Corresponding information can also be delivered to the customer by
e-mail for confirmation of placement of an order.
[0159] Preferably the "delivery to" area 2004 and part number and
quantity for each item in table 2006 comprise hyperlinks to web
pages which allow modification of the order details. Thus, clicking
on the "delivery to" link allows a customer to change the delivery
address for an item specified in the order. In a preferred
embodiment a quantity of parts specified as a single item may be
split by a customer into two separate items for delivery to
different addresses, separate portions of the total quantity going
to each address. Clicking on the ordered quantity allows a customer
to specify a delivery schedule for the ordered quantity of parts,
such as splitting the delivery into a plurality of separate
deliveries to be made at specified time intervals. Preferably,
however, the customer is not permitted to request delivery of parts
before the guaranteed delivery date, to avoid the need to
recalculate a delivery date at this stage. Clicking on the part
number provides a customer with more detailed information about the
selected part, for example, by linking to the product catalogue to
provide a drawing and/or photograph of the part. Once the order
details are to the customer's satisfaction, the customer may then
confirm the order using confirm button 2010. After confirmation of
the order a customer is no longer permitted to alter details of the
order but instead must request alteration by the distributor's
customer services department, for example, by e-mail.

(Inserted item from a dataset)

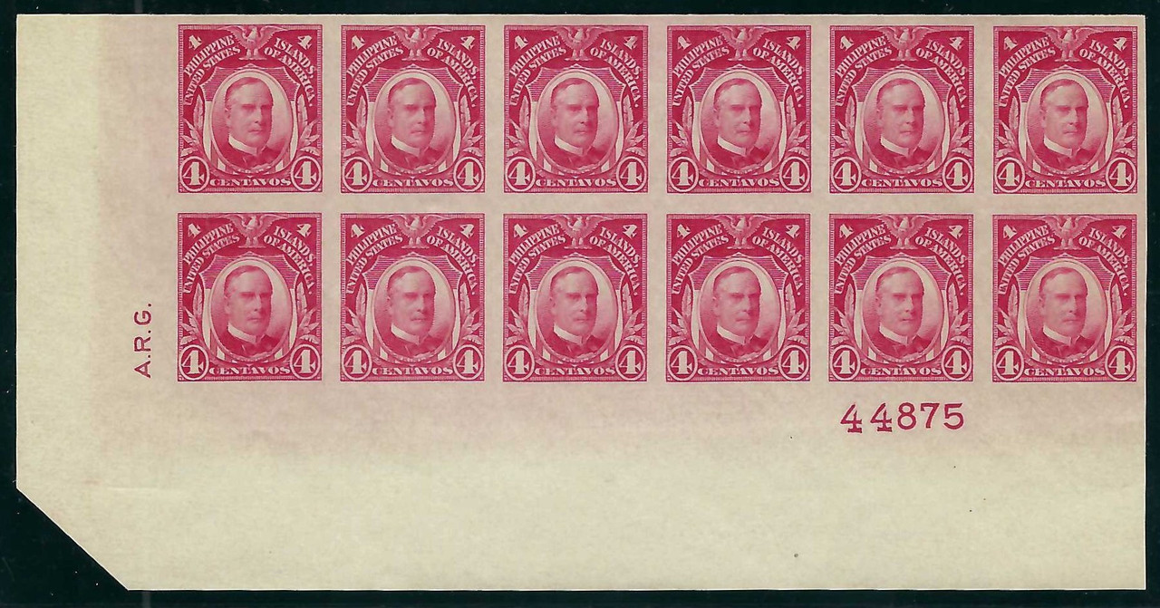 Philippine 1931 4c carmine rose William McKinley Imperforate (#341), Bottom Plate #44875 and Siderographers Initials A.R.G. (Alfred R. Gould) block of 12, Unused, Very Lightly Hinged, Fresh and Very Fine to Extremely Fine. Scarce and Attractive Multiple!

[0160] The customer also has access to detailed order information
from customer main menu web page 1700, via order detail web pages
1702. Initially on selecting the order detail menu link 1702, a
customer is presented with an order list web page 2100, as
illustrated in FIG. 21a. This web page presents a list of order
numbers (excluding fully shipped orders), corresponding dates on
which the order was entered into the system, promised delivery
dates for the ordered parts, customer order numbers and order
values. Radio buttons 2102 allow the selection of an individual
order for more detailed viewing, or, alternatively, further details
may be requested for all orders placed in the preceding twelve
months by leaving all the radio buttons unselected. Order details
are then obtained by clicking on one of a whole order button 2104
providing details of the whole order or an individually selected
order, an open items button 2106 providing details of orders which
have not yet been dispatched, and a dispatched items button 2108
providing details of orders for which some items have been
dispatched.
[0161] Once all the details have been requested, an order detail
web page is received from web server 212 and displayed to the
customer. FIG. 21b shows an example of such an order detail web
page 2150.
[0162] As illustrated, the web page includes basic order
information such as an order number, customer account number,
customer name, and customer purchase order number, as well as a
table of information having a series of lines each identified by a
line number 2152, each line providing details relating to an
ordered part. Each line thus has a part number field 2154, a
customer part number field 2156 (where a separate customer part
number is stored in database 220), and a part description field
2158. Each line also has ordered and outstanding (i.e. remaining to
be dispatched) quantity fields 2160 and required, promised, and
rescheduled date fields 2162 specifying required and promised dates
for delivering the part specified in the order line; the
rescheduled date field contains rescheduled delivery date
information manually entered by the distributor's customer service
department. Finally, each line has a last shipment field specifying
a shipped quantity and shipped date for the relevant part.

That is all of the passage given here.